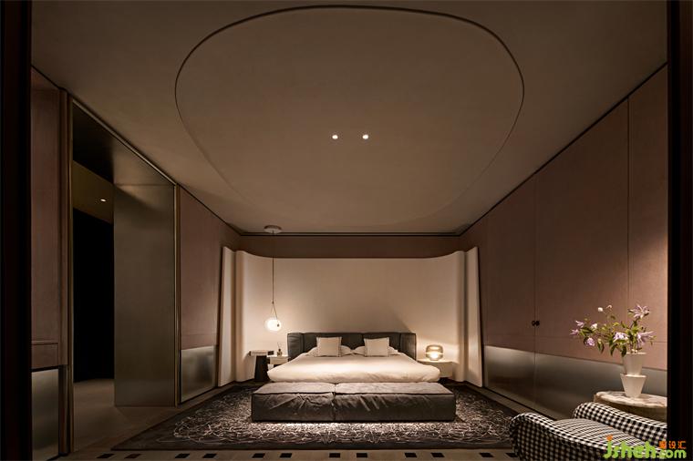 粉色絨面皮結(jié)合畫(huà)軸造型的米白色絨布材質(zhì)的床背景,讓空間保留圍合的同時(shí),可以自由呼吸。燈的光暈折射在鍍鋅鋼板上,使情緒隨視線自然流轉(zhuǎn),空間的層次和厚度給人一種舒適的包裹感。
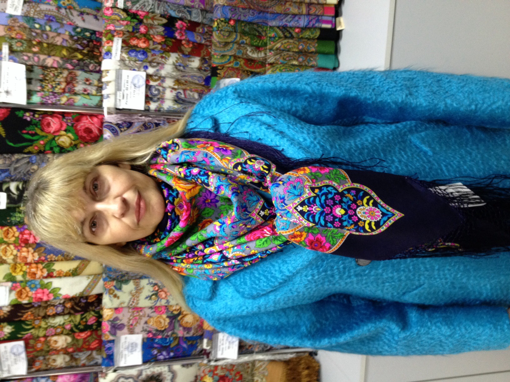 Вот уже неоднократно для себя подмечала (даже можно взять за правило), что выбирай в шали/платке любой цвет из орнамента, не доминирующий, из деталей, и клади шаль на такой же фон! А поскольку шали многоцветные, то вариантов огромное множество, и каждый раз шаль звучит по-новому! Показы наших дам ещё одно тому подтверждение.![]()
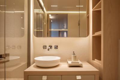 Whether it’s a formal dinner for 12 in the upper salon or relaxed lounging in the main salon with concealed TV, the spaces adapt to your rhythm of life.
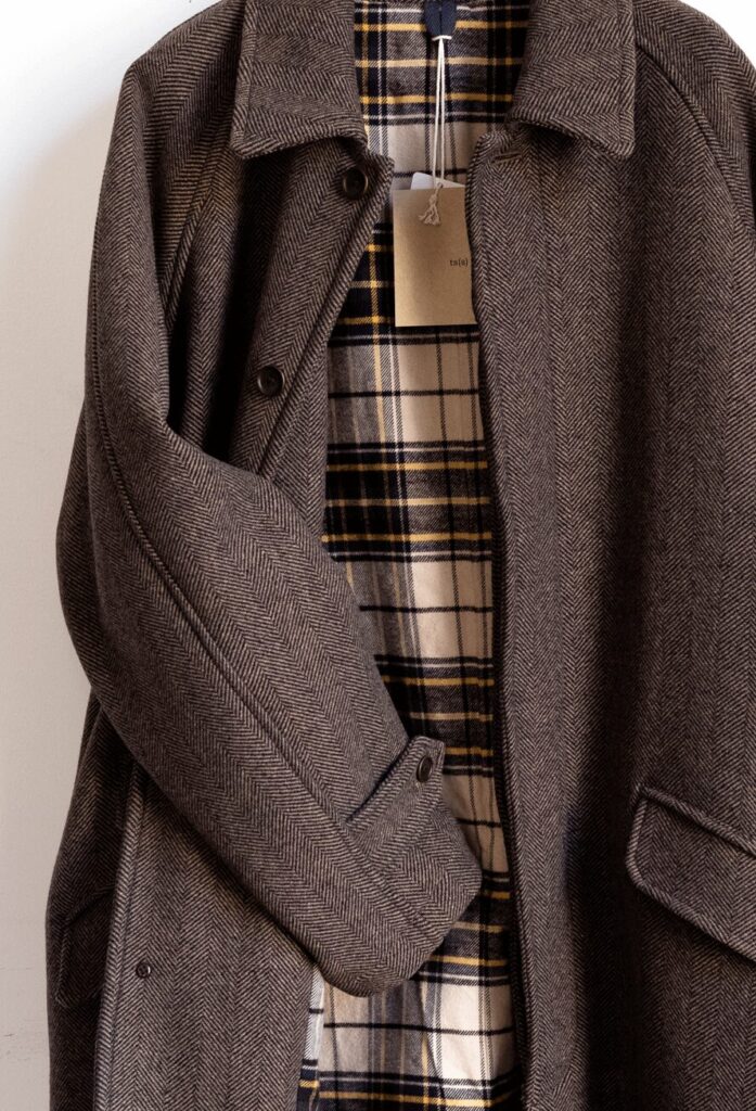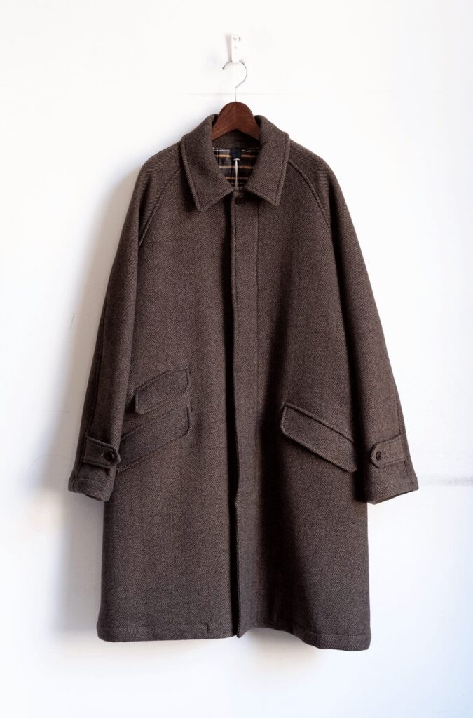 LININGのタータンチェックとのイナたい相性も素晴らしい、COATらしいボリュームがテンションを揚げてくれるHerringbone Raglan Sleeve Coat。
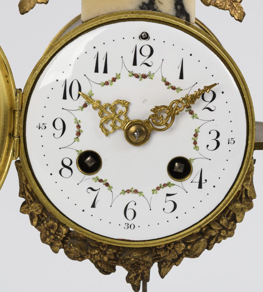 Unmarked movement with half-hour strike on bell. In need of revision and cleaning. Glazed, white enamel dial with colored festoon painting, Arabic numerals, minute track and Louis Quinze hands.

> _The task_
Give again, word for word, each line from the one holding "Вот уже неоднократно" through the end of the entries, and leave out any picture.

> _Reply_
 Вот уже неоднократно для себя подмечала (даже можно взять за правило), что выбирай в шали/платке любой цвет из орнамента, не доминирующий, из деталей, и клади шаль на такой же фон! А поскольку шали многоцветные, то вариантов огромное множество, и каждый раз шаль звучит по-новому! Показы наших дам ещё одно тому подтверждение.![]()
 Whether it’s a formal dinner for 12 in the upper salon or relaxed lounging in the main salon with concealed TV, the spaces adapt to your rhythm of life.
 LININGのタータンチェックとのイナたい相性も素晴らしい、COATらしいボリュームがテンションを揚げてくれるHerringbone Raglan Sleeve Coat。
 Unmarked movement with half-hour strike on bell. In need of revision and cleaning. Glazed, white enamel dial with colored festoon painting, Arabic numerals, minute track and Louis Quinze hands.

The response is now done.